Otis swore. “So it is a setup,” he said.
“It looks that way,” Victor agreed grimly. “My bet is that he’s in their pockets, even if he’s not actively a member of the club. But to be honest, with the clientele he pulls, I’d be surprised to find out that he wasn’t actually a member of the Savages, knowing this.”
“He could be,” Otis agreed. “Like you said, it’s safe to at least assume he’s getting paid by the Savages to get in with us. That would explain why you’re having such a hard time finding any information on who he’s worried might be after him.”
“Exactly,” Victor said, nodding. “I am still wondering if the sheriff is involved in all of this, though. The Savages might be trying to set us up so that the sheriff can go after us. I wouldn’t put it past the sheriff to be working with the Savages. Especially not after the drug plant.”
“Those drugs could have been planted by the Savages too,” Dax said slowly. “We know that they deal.”
“How would they have gotten into the clubhouse, though?” I asked in surprise.
Dax shrugged. “We haven’t been there much lately,” he pointed out. “What with the sheriff showing up at random times, we’ve all been keeping our distance. It would have been easy enough for them to watch the place, figure out a time when none of us was there, and go in to plant the drugs.”
We all sat there for a moment in silence, contemplating that.
“I’ll look into it,” Victor finally said. “If the Savages were behind it, someone must know something. And I’ll keep looking into the attorney and see if I can figure out who’s paying his bills and what the real motive was. I’d love to get to the very bottom of all of this.”

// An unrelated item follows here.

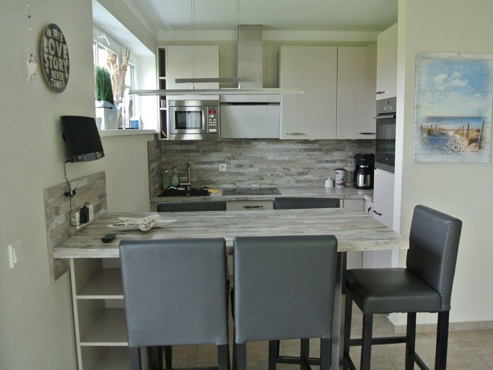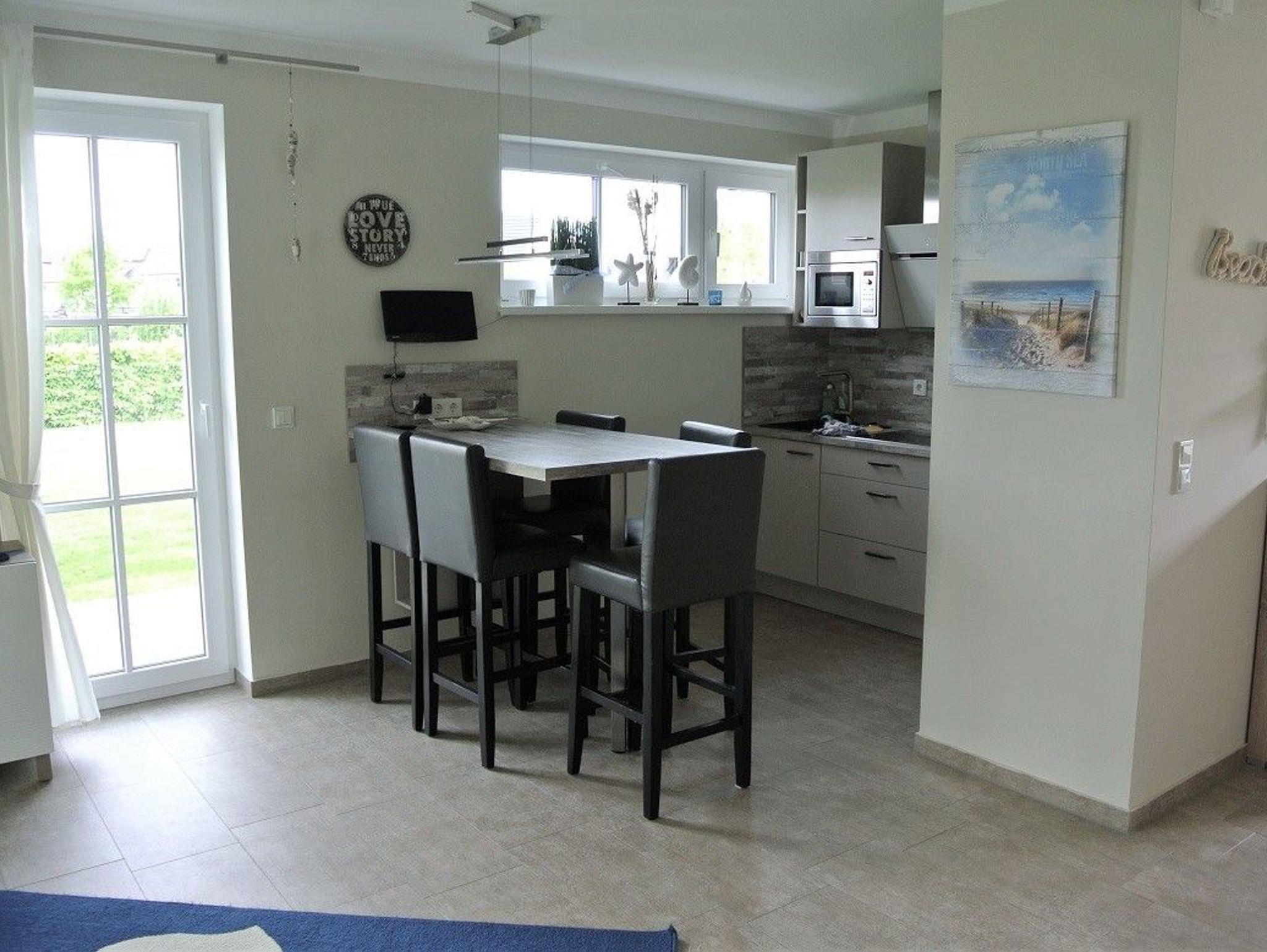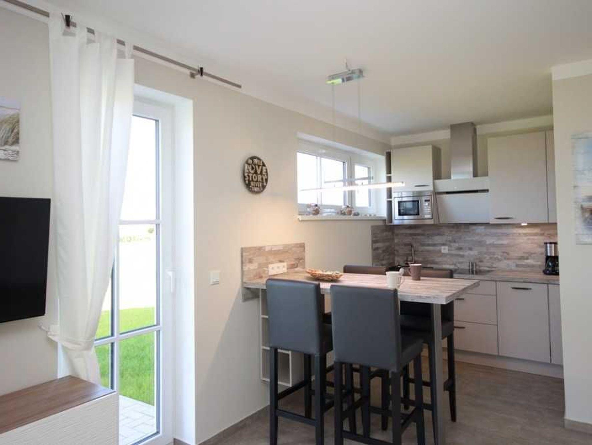 Der großzügig gestaltete Wohn-Essbereich befindet sich ebenfalls im Erdgeschoss. Die moderne Einbauküche sowie div. Küchengeräte wie Toaster, Eierkocher, Kaffeemaschine, Wasserkocher, Mikrowelle und Herd mit Cerankochfeld und Backofen bieten ambitionierten Hobbyköchen, auch im Urlaub, die Möglichkeit Essen nach eigenen Wünschen zu kochen. Im Küchenbereich rundet ein Hochtisch inkl. vier Barhocker das moderne Design ab.

“Good,” Otis said, nodding approvingly. “I’ll set up a meeting with the leader of the Savages too. See if I can get him to meet with us tomorrow. I know they’re hungry for territory, but planting drugs in another MC’s clubhouse is a pretty low blow. Maybe we can settle this like men.”
He stared right at me. “Of course, I’ll need everyone there for the meeting. If things go south, I don’t want to be outnumbered by them.”
Dax and Victor were both nodding. I couldn’t help but clench my fingers into fists again. He was looking right at me while he said that, a very pointed comment. Like he didn’t expect me to show up.
“I’ll be there,” I bit out, standing up and stalking out of there before I could let my anger get the better of me and say something I would regret. Why couldn’t he have a little faith in me? I wanted to be part of this club, I really did.